**MATERIAL SHOWN**
--------------------------------
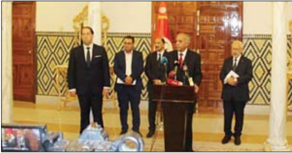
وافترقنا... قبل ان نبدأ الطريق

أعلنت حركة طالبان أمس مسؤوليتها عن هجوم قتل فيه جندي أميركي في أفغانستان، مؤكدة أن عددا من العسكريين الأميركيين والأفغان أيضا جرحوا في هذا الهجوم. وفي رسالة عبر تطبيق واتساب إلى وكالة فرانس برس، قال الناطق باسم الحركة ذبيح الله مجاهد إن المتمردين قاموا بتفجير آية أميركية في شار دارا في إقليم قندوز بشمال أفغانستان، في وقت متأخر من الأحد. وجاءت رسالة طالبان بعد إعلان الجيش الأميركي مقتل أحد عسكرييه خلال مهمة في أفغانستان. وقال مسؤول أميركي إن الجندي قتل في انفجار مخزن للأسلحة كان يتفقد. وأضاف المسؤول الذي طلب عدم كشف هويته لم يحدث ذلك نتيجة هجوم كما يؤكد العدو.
--------------------------------
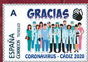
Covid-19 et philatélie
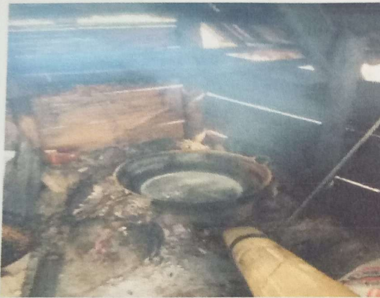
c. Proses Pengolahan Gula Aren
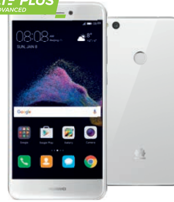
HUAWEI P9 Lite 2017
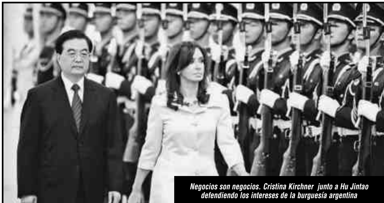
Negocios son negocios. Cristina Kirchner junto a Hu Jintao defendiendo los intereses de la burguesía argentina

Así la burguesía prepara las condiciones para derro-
--------------------------------
Identify each line in the records above containing the word "burguesía"; copy those lines.

Negocios son negocios. Cristina Kirchner junto a Hu Jintao defendiendo los intereses de la burguesía argentina
Así la burguesía prepara las condiciones para derro-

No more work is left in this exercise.